Agent, while good, is a little overhyped, I think.

Some of the choices you make should get you tortured and killed, period. There is no "if" the Empire knew. With the effort and tech they invest in their intelligence gathering network, they know if you are going number one, number two, or both before you even think of entering the bathroom.

You get away with a lot of MAJOR stuff even when you're being specifically told "we know" (Dark Brotherhood handprint here). Just because how awesome our Agent is.

Don't like the companion one bit, too. Except maybe the good Doctor...

 

Sith Warrior-I May Be a little biased, since it's my favourites one.

It's just that beneath this cheesy power trip facade there's a lot of underlying personal struggles - beyond just light and dark ("I am immune to doubt" © Sith Warrior). Some of the companions also feel like they influence the character, for better or worse.

Vette is too popular for her own good, but I feel she's the one that helps to shape out hero (or villain) into what he/she eventually becomes.

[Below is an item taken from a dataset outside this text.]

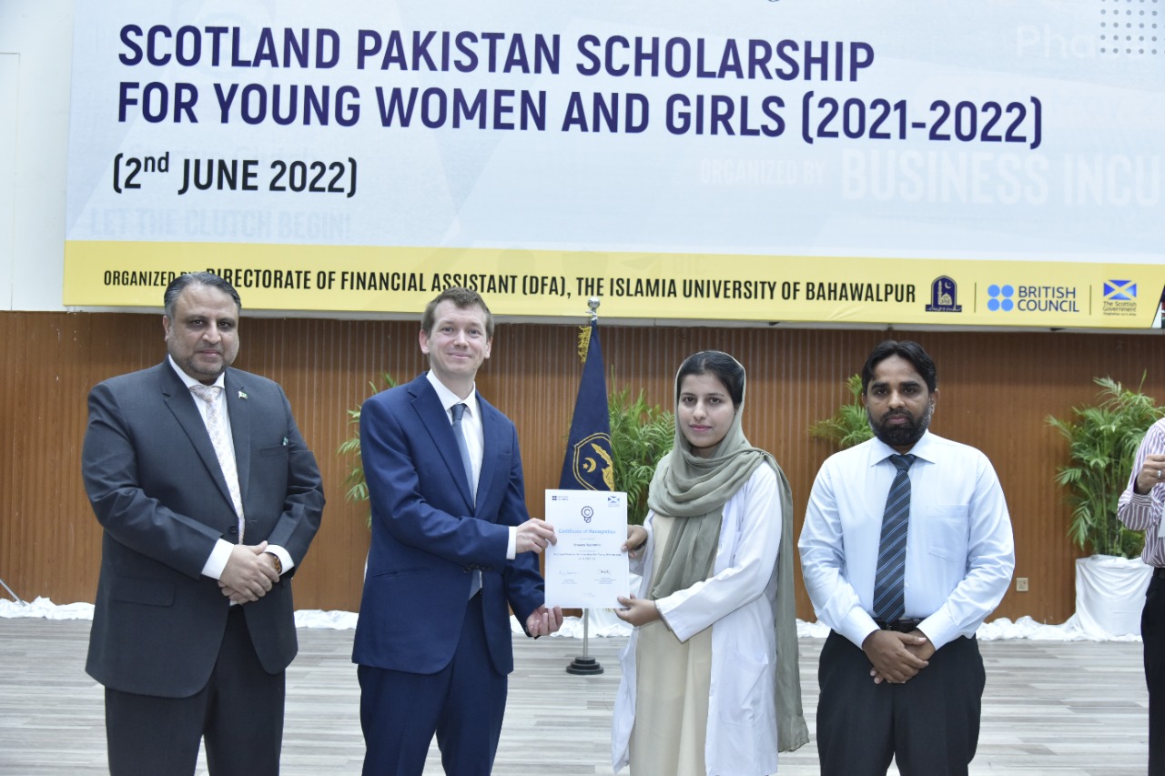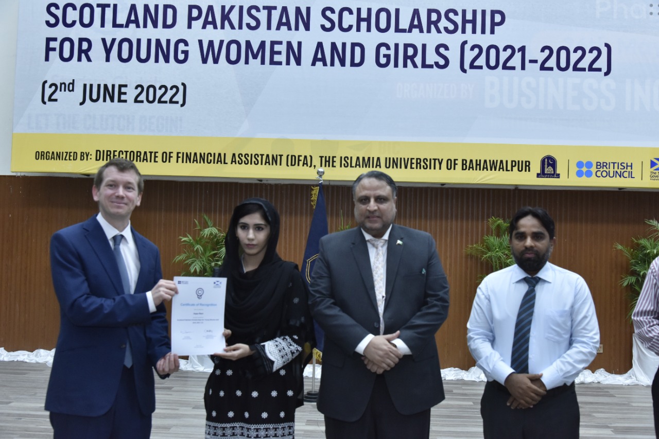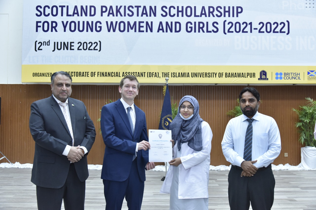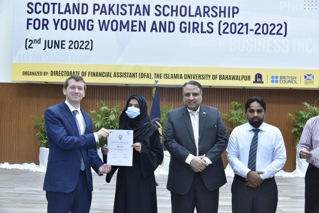 Certificates/Cheques Distribution Ceremony under Scotland Pakistan Scholarship for Females Students 2021-22 held at Main Auditorium, Baghdad-ul-Jadeed Campus, IUB. Director of British Council Sindh, Balochistan and Punjab Mr. Michael Houlgate along with Vice Chancellor Engr. Prof. Dr. Athar Mahboob and Director Financial Assistance Prof. Dr. Ghulam Hassan Abbasi distributed scholarships.

Malavai Quinn who we also love to hate, is also the Warrior's mirror.

 

Inquisitor felt more like an adventure than a personal experience, but I really enjoyed the cynical sense of humour. I also noticed that the character never actually becomes free, despite the outcome of the story. First, a slave to cruel Master, then the victim of a plot, then a terrible disease/condition. The closest thing to freedom they get is the LS ending (freeing the ghosts).

 

The Jedi Knight is straightforward, dramatic. And it's not necessarily a bad thing. They have a destiny, and it doesn't really matter how they fulfill it. It's a thrilling ride, no more and no less.

 

Of all my Consular playthroughs I enjoyed a LS female character the most. Why? Her voice. It's something magical, sensual, enthralling. Huh? Plague? Yes, tell me more... What? Emperor's mind-thralls in the ranks of the Republic? Fascinating, do tell...

Jokes aside, the story is nice, but ultimately forgettable.

 

Trooper/BH... Honestly tried to like them, played both twice. They feel like b/c action movies that you watch once and forget.

 

Smuggler-pretty much like watching a standup show in a middle of a firefight. Good, but has a lot more potential that was left untouched. Sadly, forgettable.